I ran Seagate's SeaTools for Windows. I ran all the scans on it (Short Drive Self Test, Long Drive Self Test, Short Generic, Long Generic, SMART Check)

All the tests resulted in a PASS. 

So, is there any chance that the hard drive is still bad? Or am I dealing with a different issue?


----------



## Hottrod33 (May 5, 2009)

Ok, so this is not good.

After I removed the hard drive, and scanned on my computer, I reinstalled into my TIVO box. 

After the Almost There screen and before the satellite signal screen the screen goes blank, and my TV says no video signal. What in the world? Could I have done some damage to the box when i was removing/reinstalling the hard drive? 

Sidenote: Also, inbetween the Powering up screen and Almost There sceen, the screen flickers for a split second.


----------



## OLdDog (Dec 15, 2001)

Hottrod33 said:


> Ok, so this is not good.
> 
> After I removed the hard drive, and scanned on my computer, I reinstalled into my TIVO box.
> 
> ...


Most probably you have overwritten the TiVo drive's boot sector by having it attached to your computer and booting into Windows.

However, all is not lost. Just look around the upgrade or underground sections of these forums for a little utility called "make TiVo bootable" or some such and read how to use it. It will repair the problem.


----------



## Hottrod33 (May 5, 2009)

Ok, so I figured out my last issue on the boot up.

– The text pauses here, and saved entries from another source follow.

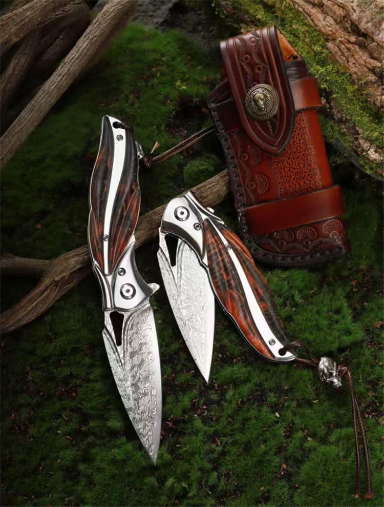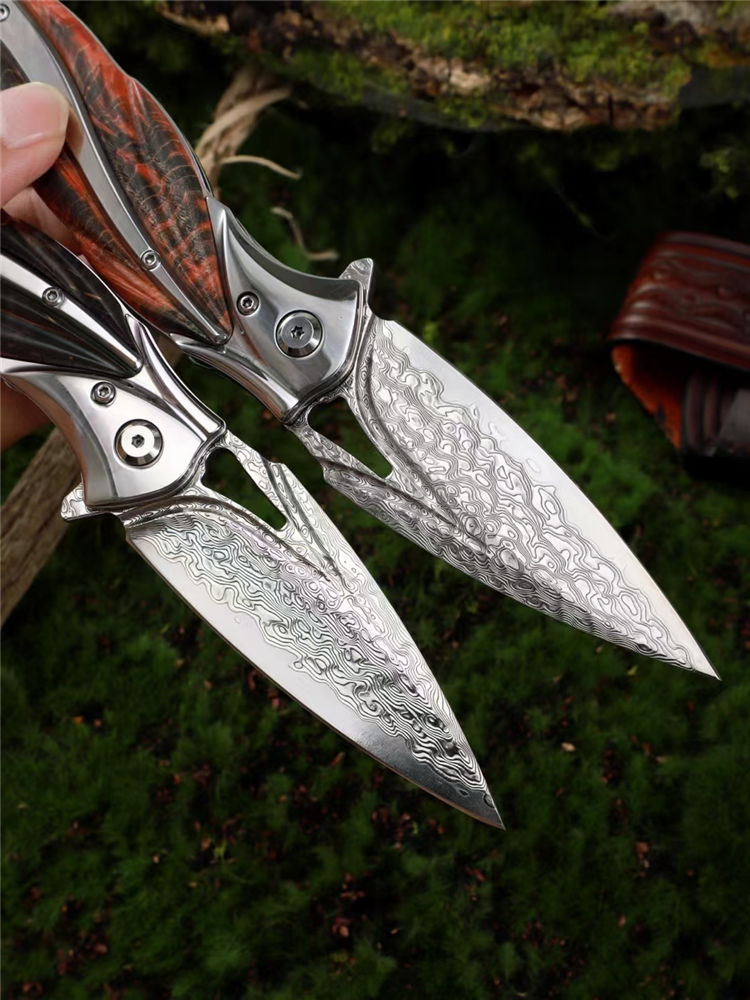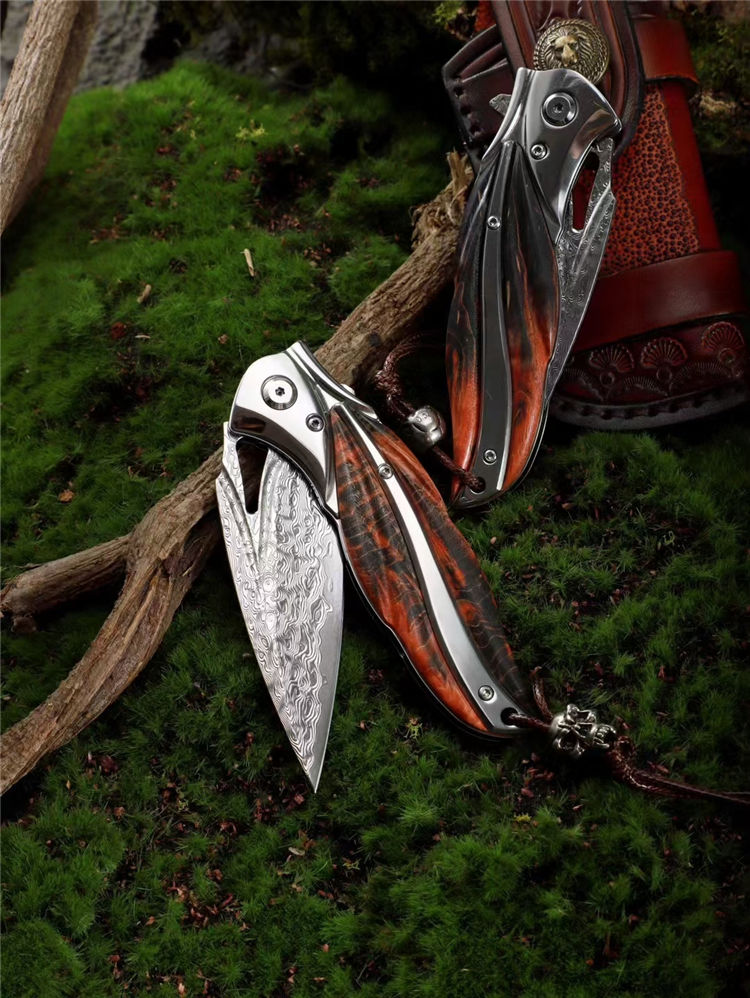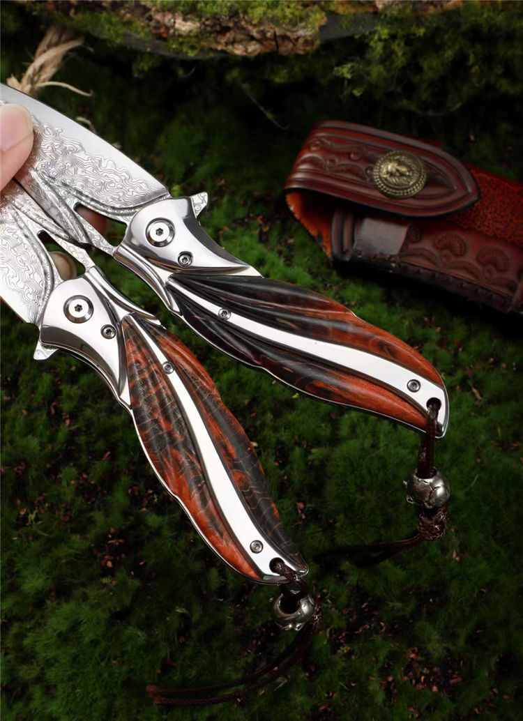 大马士革灵羽折刀 总长:19.5cm 刀刃:8.5cm 手柄:11cm 刃厚:3MM 刃宽:3cm 刃材:进口锻造大马士革钢78层 硬度:60HRC 结构:陶瓷滚珠轴承 柄材:不锈钢头+进口稳定固化木 包装:手工皮套+高配礼品盒+吊坠
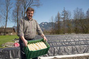 Schweizer Spargel schlummert in diesem Jahr länger als üblich im Boden. Zwei bis drei Wochen mehr dürften es als Folge der ungewohnten Frühlingskälte sein. Trotz der plötzlichen Temperaturexplosion Mitte April dauerte es noch bis zum endgültigen Start der Spargelsaison. Zu einer Vorpremiere kam es aber in Diepoldsau, wo Stefan Britschgi vom Fahrmaadhof bereits in der vierten Aprilwoche mit der Erntekampagne startete. Schon ein paar Tage früher präsentierte er stolz die erste Kiste mit frischgestochenem Spargel. Vermutlich war es der erste im ganzen Land.
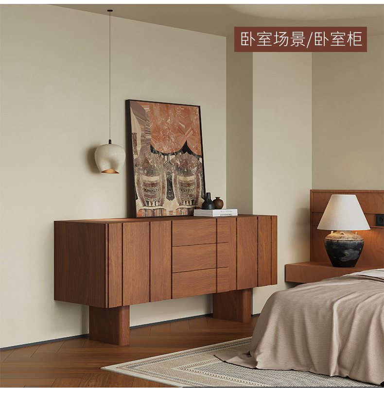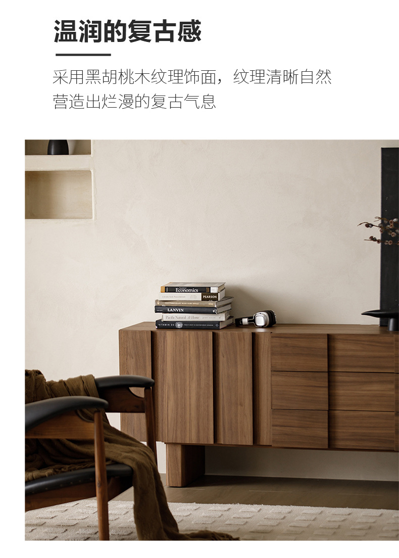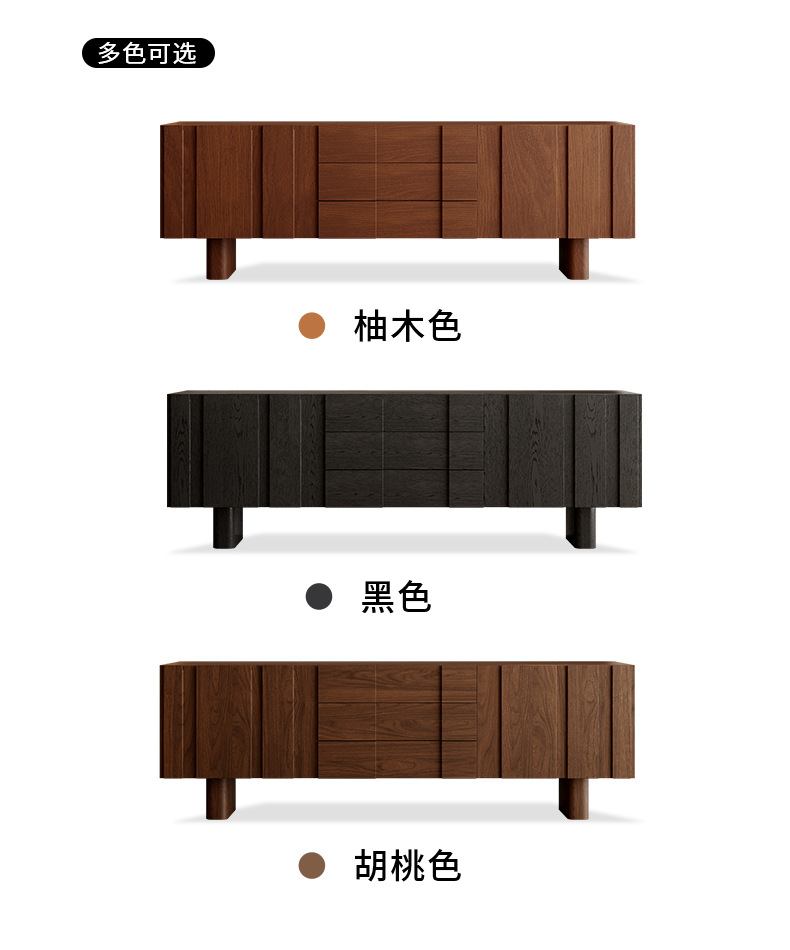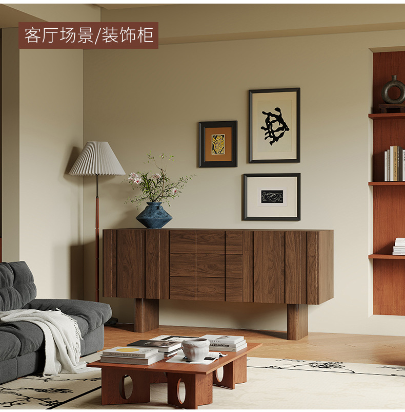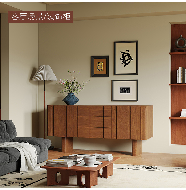 实木电视柜落地中古风客厅收纳储物柜一体小户型2025新款边柜组合

The hard drive was just in standby mode. Prior to unplugging and opening my TIVO it was in Standby Mode (as I had been trying to reduce unnecassary writing to the hard drive). So it booted back up into Standby Mode (weird, I would have thought that it still would have gone through satellite signal. 

Anyway, I want to revisit the satellite issue. I previously indicated the Satellite Error I receive after boot up. Looking at the signal strengths again, there is no signal being received on Sat C (110deg). The Satellite selection is on Oval, 3LNB. 

In addition to the DVR w/ 2 tuners, there is a third non-DVR in the house with 1 tuner. The non-DVR receiver is also set to Oval, 3LNB and also is not receiving a signal on Sat C (110deg). 

Is all of this an issue with the satellite dish? Is there a way of knowing if I do infact have a Oval, 3LNB dish? Should I just reset my satellite dish to Oval, 2LNB? Would the lack of Sat C cause my DVR to Black screen on me?


----------



## rbtravis (Aug 9, 2005)

Look at the dish and see if it is oval or round. Do you normally get international channels? You may have a round dish.


----------



## Hottrod33 (May 5, 2009)

I'll let you tell me what kind of a dish I have. Here is a picture. 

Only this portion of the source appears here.